6 responses to “Will the BrightSource-Abengoa tower be last CSP project in US?”

  1. Matthew Wright Avatar
    Matthew Wright

    Reality:
    Areva – wrong technology Linear fresnel it’s like comparing home brand scotch fingers to tim tams.
    eSolar – speculative startup with a technology that didn’t actually work.
    Siemens – purchased an old outdated technology.
    Brightsource – ignored storage which today is the only driver for CSP over PV and built heliostats that are far too small and expensive to install.

    SolarReserve, Abengoa and SENER/Torresol Energy – all capable of Molten salt power towers which can be hybridised with Solar Photovoltaic.

    1. Connor Moran Avatar
      Connor Moran

      The CLFR tech showed the greatest potential for cost reduction (very modular). Areva had pushed up the operating temperature nicely too, which I believe has been your objection.
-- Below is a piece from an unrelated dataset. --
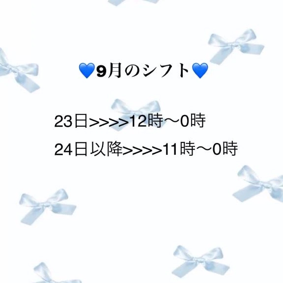9月後半のシフト決まりましたので
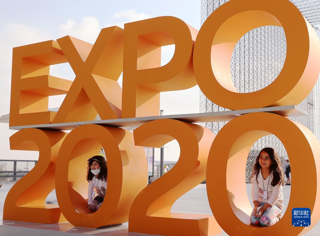 1月9日,兩名兒童在阿拉伯聯合酋長國迪拜世博園門口拍照。

      1. Matthew Wright Avatar
        Matthew Wright

        It’s also the problem of designing for winter, a lot of raw material required for latitudes away from the tropics.

        That said I’ve heard to achieve that with linear fresnel you can design your field running east-west. I haven’t seen any modelling on that though.
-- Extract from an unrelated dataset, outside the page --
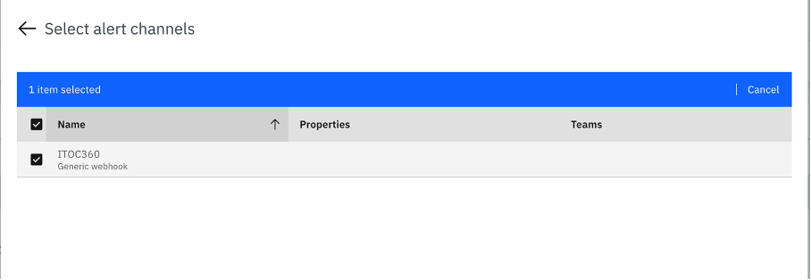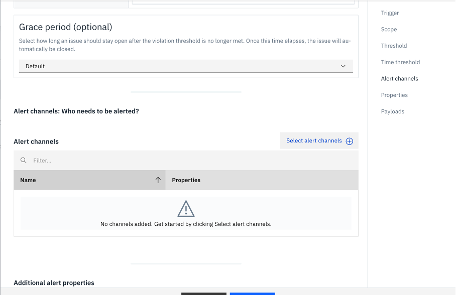 Scroll down to the **Alert channels** section and click **Select alert channels**. Find the channel you created earlier, check it, and confirm the selection.

        As for CSP – it must be hybridised with Photovoltaics as proposed by SolarReserve and Abengoa to be competitive. IT’s really PV + Chemical batteries versus PV +Solar thermal with storage as the two competing solutions.

        1. Connor Moran Avatar
          Connor Moran

          Yes, David Mills himself concedes that PV + storage will probably be the ‘winner’.

  2. JohnRD Avatar
    JohnRD

    A solar tower with molten salt storage and back-up molten salt heating (bio, oil or gas) can if required provide 24/7 power even if the sun don’t shine. Save money by reducing the number of mirrors and molten salt storage (but not reducing back-up) provides a reliable way of providing for the peak late afternoon early evening period.
    Molten salt heating is a much cheaper form of back-up than providing back-up for solar PV in the form of a gas or oll fired gas turbine.

  3. Connor Moran Avatar
    Connor Moran

    In correspondence I’ve had with Dr David Mills, he believes it’s going to be battery storage that will probably make CSP (of any kind) impossible.
    One advantage of CSP w/storage has an onsite turbine which could accept reject heat from backup gas, effectively ‘combining’ the cycle for greater efficiency.